The new era of Pompe disease: Advances in the detection, understanding of the phenotypic spectrum, pathophysiology, and management^†

INTRODUCTION

Pompe disease, glycogen-storage disease type II, and acid maltase deficiency are alternative names for the same disorder. Pompe disease is caused by deficiency of the enzyme acid alpha glucosidase, which leads to lysosomal glycogen storage. Pompe disease falls into several disease categories: it is at once a neuromuscular disorder, a lysosomal storage disorder, and a glycogen storage disorder [Kishnani et al., 2006a; van der Ploeg and Reuser, 2008; Hirschhorn and Reuser, 2009]. Originally used to describe the infantile, most severe form of the disease described by Pompe [1932], Pompe disease is now used to describe the presentation of symptoms that can first occur in infants, children and adults.

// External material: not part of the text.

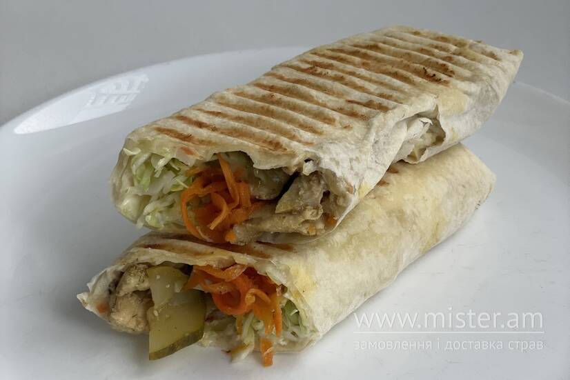 Обсмажене куряче філе, морква по-корейськи, свіжа капуста, маринований огірок, з додаванням майонезу та гірчиці, загорнуті в смачний лаваш і обсмажені на грилі.

Presentation is currently described as a spectrum, varying by age of onset, level of organ involvement, and degree of myopathy. Classification of Pompe disease is also variable; broadly there are two categories—infantile and late onset [Kishnani et al., 2006b]. At this time, even within the infantile category, there exists a wide range of severity. The term infantile onset incorporates those patients who display symptoms before 1 year of age; however, those with cardiomyopathy are called classic infantile while those without are called atypical or muscular variant. The term late onset is utilized to describe those who develop symptoms any time after 1 year of age, and can be misleading as it includes the childhood, juvenile, and adult onset groups.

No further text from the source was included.